| Items listed in a dataset |
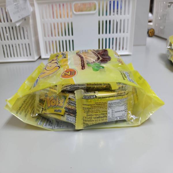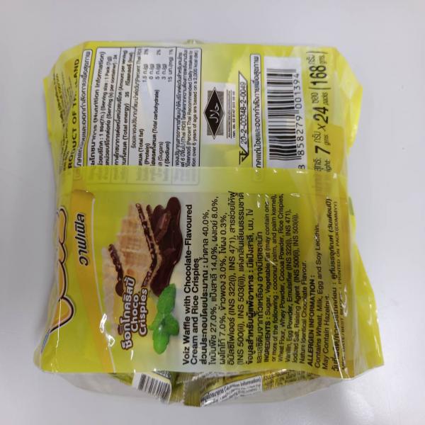 วาฟเฟิลไส้ครีมรสช็อกโกแลตและข้าวพอง
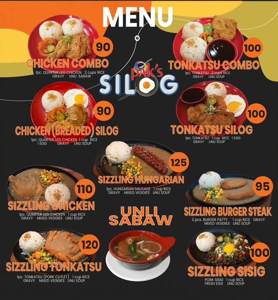 Craving a delicious meal? Come over to Pak's SILOG and treat yourself to our signature silog meals, toppings, irresistible combos, and sizzling platters! Whether you're craving something hearty for breakfast, a satisfying combo for lunch, or a sizzling treat for dinner, we’ve got you covered and the best part—UNLI SABAW! That's right, enjoy unlimited servings of our hearty soup with every meal. See you!
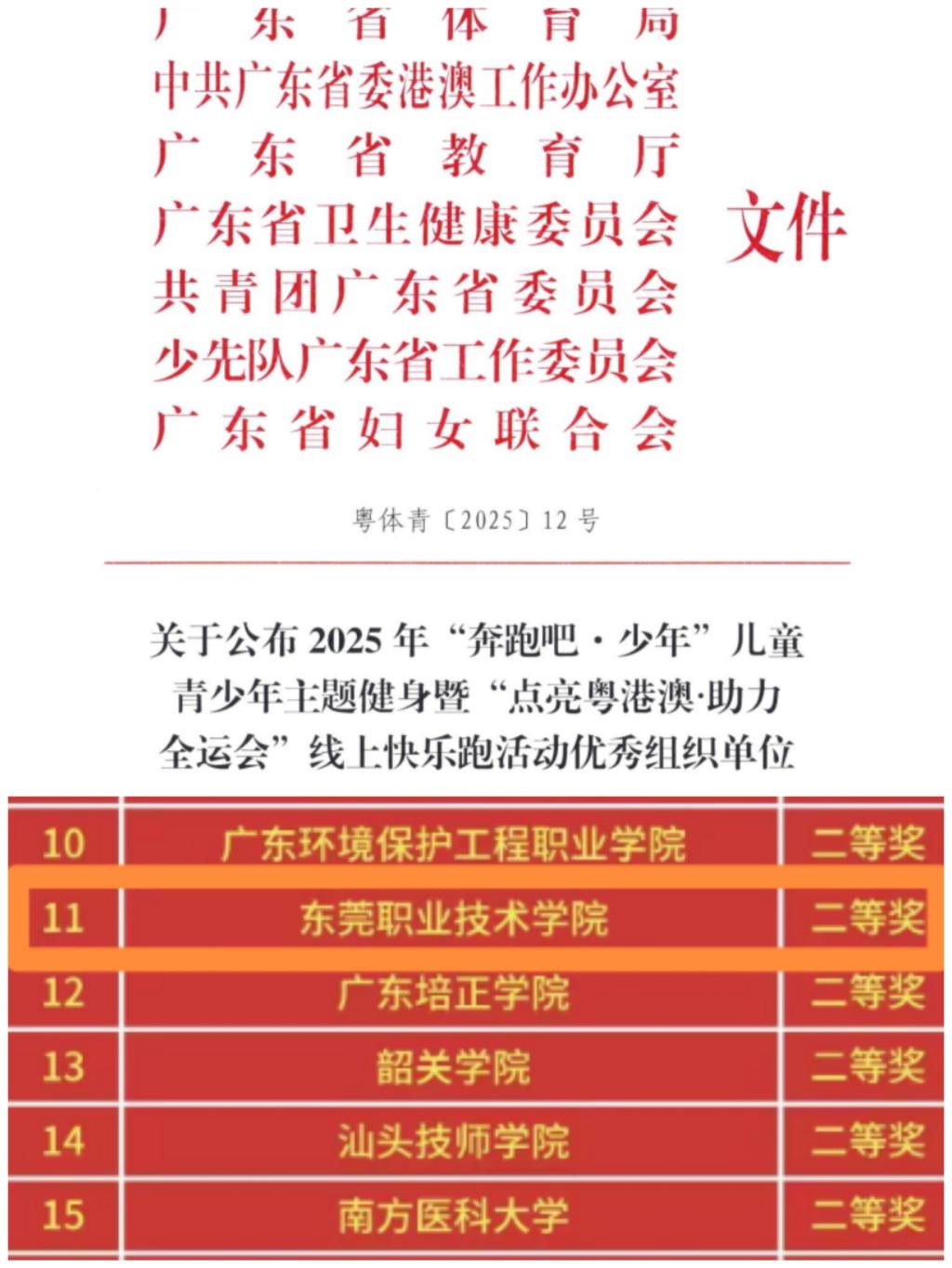 近日,广东省体育局、教育厅等联合主办的2025年“奔跑吧·少年”儿童青少年主题健身暨“点亮粤港澳·助力全运会”线上快乐跑活动落幕。我校凭借优异表现,以总成绩位列全省高等院校组第十一名,斩获二等奖及“优秀组织单位”称号。全校共10207名学生参与,其中510人荣获奖项,包括一等奖103人、二等奖30人、三等奖121人、优秀奖146人、参与奖110人,充分展现了学子积极进取的精神风貌。
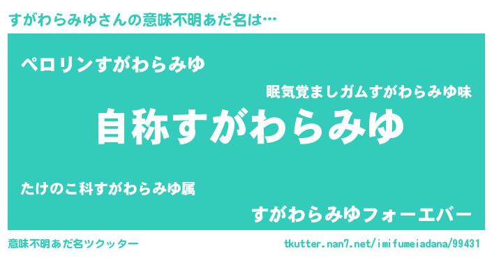 | 胡散臭い通販商品みたいなあだ名 | 『ガンによく効くアガリクス…その名も「すがわらみゆ」』 |
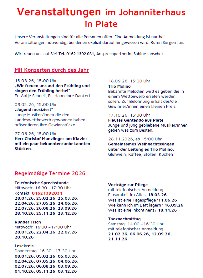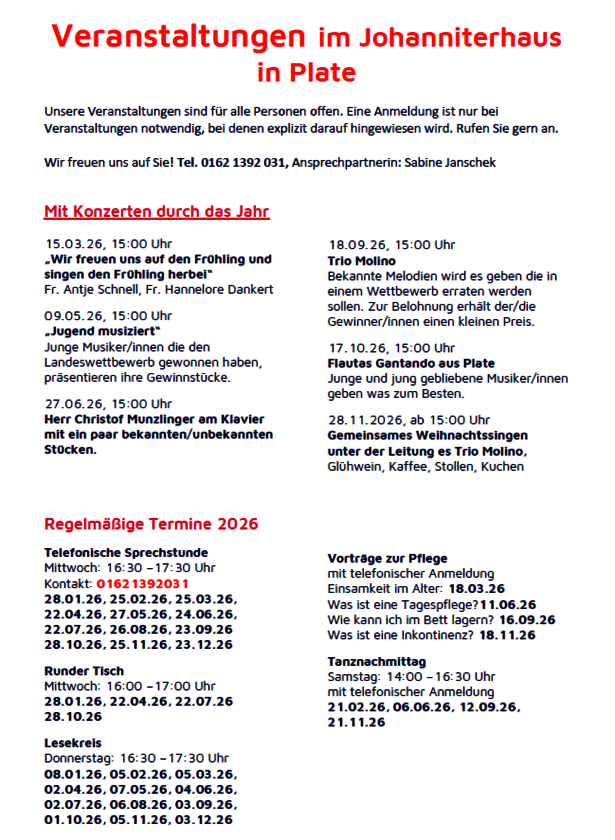 Auf diese und weitere Fragen rund um das Thema „Pflege“ geben wir Ihnen fachkundige Auskünfte. In Plate findet jeden vierten Mittwoch im Monat von 16:30 bis 17:30 Uhr eine individuelle Pflegeberatung statt – telefonisch oder nach vorheriger Absprache auch in Präsenz.

| Brief |
Start with the line that holds "近日,广东省体育局、教育厅等" and retype each line through the last one in the data, exactly and without pictures.

| Response to the task |
 近日,广东省体育局、教育厅等联合主办的2025年“奔跑吧·少年”儿童青少年主题健身暨“点亮粤港澳·助力全运会”线上快乐跑活动落幕。我校凭借优异表现,以总成绩位列全省高等院校组第十一名,斩获二等奖及“优秀组织单位”称号。全校共10207名学生参与,其中510人荣获奖项,包括一等奖103人、二等奖30人、三等奖121人、优秀奖146人、参与奖110人,充分展现了学子积极进取的精神风貌。
 | 胡散臭い通販商品みたいなあだ名 | 『ガンによく効くアガリクス…その名も「すがわらみゆ」』 |
 Auf diese und weitere Fragen rund um das Thema „Pflege“ geben wir Ihnen fachkundige Auskünfte. In Plate findet jeden vierten Mittwoch im Monat von 16:30 bis 17:30 Uhr eine individuelle Pflegeberatung statt – telefonisch oder nach vorheriger Absprache auch in Präsenz.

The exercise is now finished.